Bir giyim mağazası açmak, kimilerine basit bir iş gibi gelebilir. Ancak, mal alımından, satış taktiklerine; moda trendlerini yakalamaktan, kaliteli personel bulmaya; muhasebe standartlarını yerleştirmekten, günlük giderleri azaltmaya; belediye ve vergi görevlileriyle uğraşmaktan mağaza yeri seçimine kadar ilgilenmeniz gereken çok iş var.
Burada, günlük sorunlardan çok, bazı taktiklerden söz edeceğim:
- İster, belli bir markanın ürünlerini satın(franchising); ister, mevcut bir mağazayı devralın; ister, sıfırdan başlayın; yapacağınız ilk iş satacağınız ürünü ve hedef kitlenizi belirlemek olacaktır.
- Bu belirlemeleri yaparken aynı anda mağazanızın yerine de karar vermeniz gerekecektir. Son zamanlarda sayısı artan alışveriş merkezlerinde (AVM) açılan mağazalar, yeni işyeri açacaklar için en önemli rakipleri oluşturuyor. Mağazanızın yeri o denli önemlidir ki, iyi seçimin yapıldığı yerlerde, ne satılsa kâr edilir. Öte yandan, ihtiyacınızın üstünde bir mağaza kiralamak, bir zarar kapısıdır.
- AVM’lerde dükkân kiraları yüksektir. Hangi AVM’de yer alabileceğinizi, o AVM’deki diğer dükkânlara bakarak belirlersiniz. Bir AVM’ye müşteri çekecek olan dükkân, o bölgede pek bulunmayan büyük bir mağaza ve ihtisas mağazalarıdır. Bu mağazalara, “anchor” adı verilir. Örneğin, Sapphire AVM’de çok yüksek ferah tavanlar ve en yakın metro bağlantısı olmasına rağmen, müşteri çekecek büyük birkaç mağaza ve başka yerlerde bulunmayan ihtisas mağazaları olmadığı için, bu AVM gelişememiştir. Ankara’daki Karum AVM’nin sorunu da aynı.
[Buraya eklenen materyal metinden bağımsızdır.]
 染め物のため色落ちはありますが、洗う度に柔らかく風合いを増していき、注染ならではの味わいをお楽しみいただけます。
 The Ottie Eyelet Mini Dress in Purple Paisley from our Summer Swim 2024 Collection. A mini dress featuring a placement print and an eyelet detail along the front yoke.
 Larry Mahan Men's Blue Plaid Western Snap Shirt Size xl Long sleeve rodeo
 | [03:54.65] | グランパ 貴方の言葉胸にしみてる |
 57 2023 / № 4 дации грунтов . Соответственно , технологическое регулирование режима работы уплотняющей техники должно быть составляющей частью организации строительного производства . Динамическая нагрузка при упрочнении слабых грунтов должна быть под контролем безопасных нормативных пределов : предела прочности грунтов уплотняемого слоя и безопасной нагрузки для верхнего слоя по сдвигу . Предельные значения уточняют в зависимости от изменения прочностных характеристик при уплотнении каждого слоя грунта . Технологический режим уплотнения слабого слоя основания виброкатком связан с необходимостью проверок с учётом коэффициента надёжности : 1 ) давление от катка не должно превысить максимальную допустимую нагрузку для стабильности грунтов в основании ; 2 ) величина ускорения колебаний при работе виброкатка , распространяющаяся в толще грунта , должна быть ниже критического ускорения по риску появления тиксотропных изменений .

- Zaman içinde, kazancınızı katlamak için, kendi markanızı yaratmanız gerekecektir. Giysi etiketlerine markanızı yazmadan önce, alışveriş poşetlerine, faturalara, iş kartlarınıza vs. markanızı işleyerek işe başlamak gerekir.
- Aniden meşhur olup, çabucak popülerliğini yitiren mallara “fad” adı verilir. Bu trend dikkatle izlenmelidir.
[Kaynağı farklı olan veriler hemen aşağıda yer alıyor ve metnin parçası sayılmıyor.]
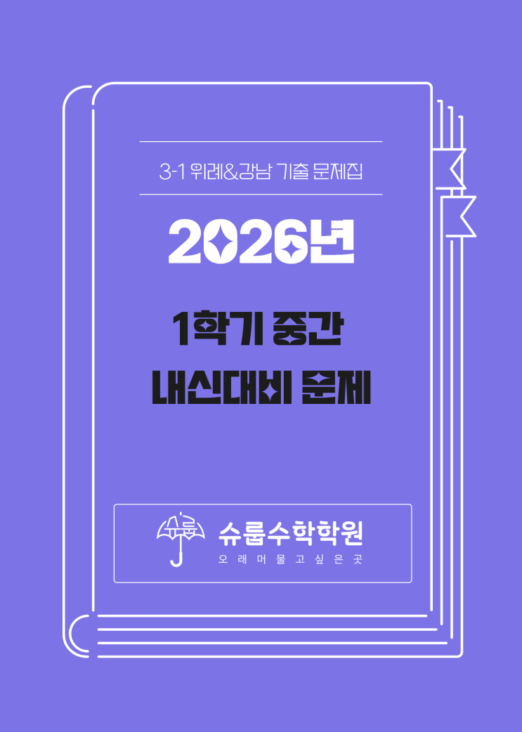 안녕하세요~ 어느덧 여기저기 벚꽃이 피어나 살랑살랑 마음도 흩날리는 계절 봄이 왔네요!! 학생들도 꽃구경도 가도 싶고 친구들과 밖에서 함께 어울리고 싶을 테지만 곧 다가올 중간고사를 준비해야 하는 시기이기도 합니다 ㅜㅜ 우리 학생들 모두 화이팅!! 슈룹수학 중등부에서는 4월 마지막주에 있을 중간고사 대비를 위해 3월 30일(월)부터 시험대비 수업이 시작되었습니다. 시험대비는 어떻게 이루어지는지 안내해 드립니다. 1)수업 시간 : 시험범위 단원들을 1단원부터 다시 개념 정리 하고 시험에는 잘 나오지만 학생들이 잘 놓치거나 많이 틀리는 부분들에 대해 다시 한 번 언급하고 정리합니다. 일품 or 쎈 C단계 & 기출유형문제에....... <img src="https://blogthumb.pstatic.net/MjAyNjA0MDJfMjI4/MDAxNzc1MTE0Nzg2MTY3.dh5-sRoKSz_tY4i0_Sxug7v9KjHh8WkM3XrtOZ8Hz80g.BA65cDdEn4B8Vx75Lk_o3KK-i6HfTEWHpLfHOrUpqWwg.PNG/26%B3%E2_%C1%DF%B0%A3%B4%EB%BA%F1_%B1%E2%C3%E2%B1%B3%C0%E7_%283%C7%D0%B3%E2_-%BE%D5%29.png?type=s3" />

- Mağazanızdan, müşterilerin ve çalışanların mal aşırması, muhasebe hataları nedeniyle zarar oluşması kaçınılmazdır. Bu zararlar, % 5’i aşmamalıdır.
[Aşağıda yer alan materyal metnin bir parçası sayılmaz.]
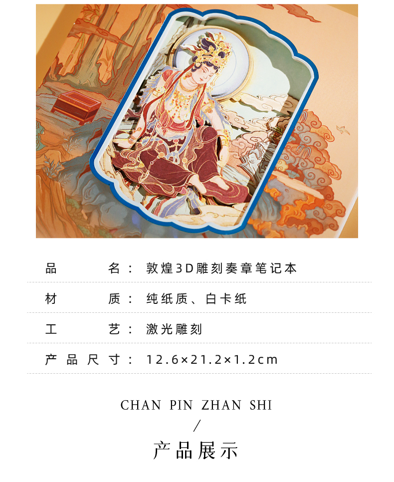 敦煌研究院 【水月妙境立体奏章本】 博物馆文创笔记本创意本子3d镂空办公室记事本手账本学生笔记本文创纪念品
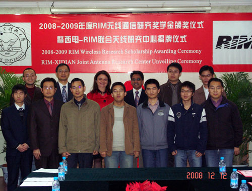 E流網訊(通訊員 劉存利)12月11日-14日,RIM(Research In Motion)公司FR系統設計部首席科學家Nagula Sangary博士、電磁部技術總監(我校校友)Yihong Qi博士、大學研究項目高級顧問Adele Newton女士等一行3人專程來我校參加RIM無線通訊研究獎學金頒獎儀式暨西電-RIM天線聯合研究中心的揭牌儀式。
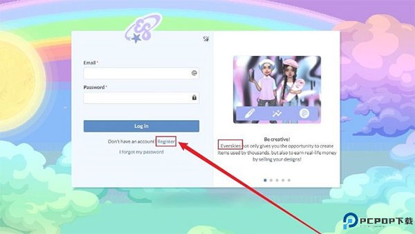 1、打开everskies官网“点击进入”,如图所示点击【Register】开始注册。

- Malların perakende fiyatlarının belirlenmesinde çeşitli metotlar var. Bunlardan biri, toptancının önceden perakende fiyatını belirlemesidir. Başlarda, toptan fiyatını ikiye katlayarak, perakende fiyatı belirleyebilirsiniz. Buna “keystoning” deniliyor. Daha sonra, satış sağlanıncaya kadar tek tek malların veya bir bölüm malın fiyatı indirilir.
- İyi müşteri ilişkisi kurulması, rakip firmaların izlenmesi, muhasebe kayıtları ve resmi evrakın düzenli tutulması, dükkân ve marka imajının oluşturulması şarttır.
- Satılan malın yerine yenilerini koyabilmeniz için bir deponuz bulunacaktır. Deponuzda gereğinden fazla satılamamış mal bulundurmak sizi zarara sürükler. Ne mağazanızı boş tutacaksınız ne de satamayacağınız malı alacaksınız. Bu nedenle, toptancınızla iyi ilişkiler içinde olmalısınız.
- Bu işi bilenler şu prensipleri koyuyorlar: İyi seçilmiş bir mağaza yeri, çok ve tercih edilen mal çeşidi, müşterilerle kolay iletişim kurabilen satış elemanları ve mağazanın özel ve farklı imajı olması.
- Elinizde bol miktarda olmayan malın reklamını yapmayın. Mağazanızın bir rafını, nispeten ucuz mal sattığınız “promosyon” ürünlerine ayırın.
- İlk fırsatta internet üzerinden satışa başlayın.
- Müşterilerinize ulaştıracağınız indirim kuponları sayesinde kolay müşteri çekebilirsiniz.